We've not been able to introduce it previously purely due to a resource and finance issue. We didn't have either the engineering resources or the budget to be able to take the risk to introduce it and it's only now as Force India that we have everything in place to be able to make it work. In terms of the actual project however, it's been very well done and pushed through, which is in itself a measure of the growing strength of the team.
How does the team prepare for a new event?

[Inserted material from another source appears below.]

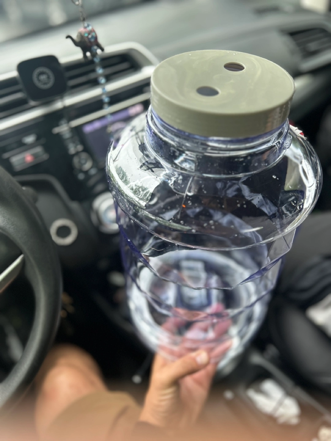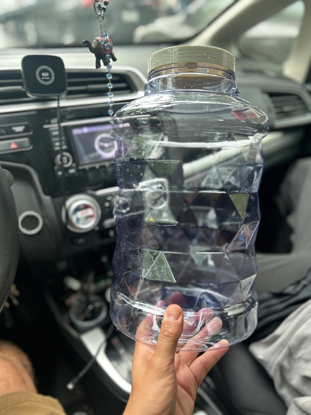 245Large capacity jar. Clear plastic construction. Geometric design. Screw-on lid with two small holes. Perfect for storage or organization.

Going to new circuits presents a different challenge for the team, but it's an interesting challenge for the engineers as well as the drivers and Valencia in itself will be a fascinating and unique event. In terms of preparation, we obviously look at the track layout and put this into our computer simulations so we have a fair idea of the nature of the circuit. There are some things you can't understand from the computers however, specifically the nature of the tarmac, how the tyres are going to react, whether you can use the kerbs or not, and so on are all unknown quantities until we get to the track. It's a good challenge though and will keep us busy!
Adrian Sutil (car 20)
'Over the summer break I've been training in the mountains and working on my fitness for the second half of the year, which will be tough with the four flyaway races at the end of the season. We had some good races at the same circuits last year and I scored my first point in Fuji, so for sure I am looking forward to these races. As the new events in Valencia and Singapore are street events, and we've had some good races on this type of circuit, I think we have a good chance of getting some good finishes.
'Looking to the next race in Valencia, we will be using the seamless shift gearbox for the first time at a race and hopefully that will give us a few tenths to be able to qualify a bit better. This has got to be the goal for the second half of the year.'
Giancarlo Fisichella (car 21)
'I am looking forward to getting back in the car after the short break. I took some time off to be with my family and do some training, so I feel quite refreshed and ready to tackle the last races of the season, especially as they include some of my favourite tracks - particularly my home race in Monza. My targets for the rest of the season will be to have good reliability, finish all the races and be there if there are opportunities to score points.
'Valencia is a completely new track for everyone and a good challenge. It looks very fast, particularly for a street circuit, and I've heard it is sold out so the atmosphere will be good. I am pleased we will be able to actually race the new seamless shift gearbox now. We've been having some good fights so far, particularly with Honda, and with the gearbox worth a couple of tenths per lap this may just move us in front - the field is so close now that any new developments will move us closer.'
European Grand Prix information
Although Spain is no stranger to motorsport, for the first time in its history, the city of Valencia will host a round of the FIA Formula One World Championship. The vibrant city, set on the shores of the Mediterranean, has long been undergoing intensive regeneration, and the race is the latest step in the city's programme.
The circuit will be run around the marina area of the city, which was used for the 2007 edition of the America's Cup sailing competition. The pit and paddock complex will back onto the waterfront, a setting reminiscent of the Monaco Grand Prix. Although the city's relatively narrow streets will be used, some of the track will pass over bridges and roadways in the marina district.
At 5.473km long, lap times are expected to be around the 1min 36 mark with an average of around 200kph, a top speed of almost 320kph and a minimum of 95kph. With 25 corners in various turn combinations, including long straights, flowing curves, right angles and wide hairpins it's not the typical tight street circuit, and overtaking could be possible. With the guardrails however close to the circuit, any mistake could spell the end of the race.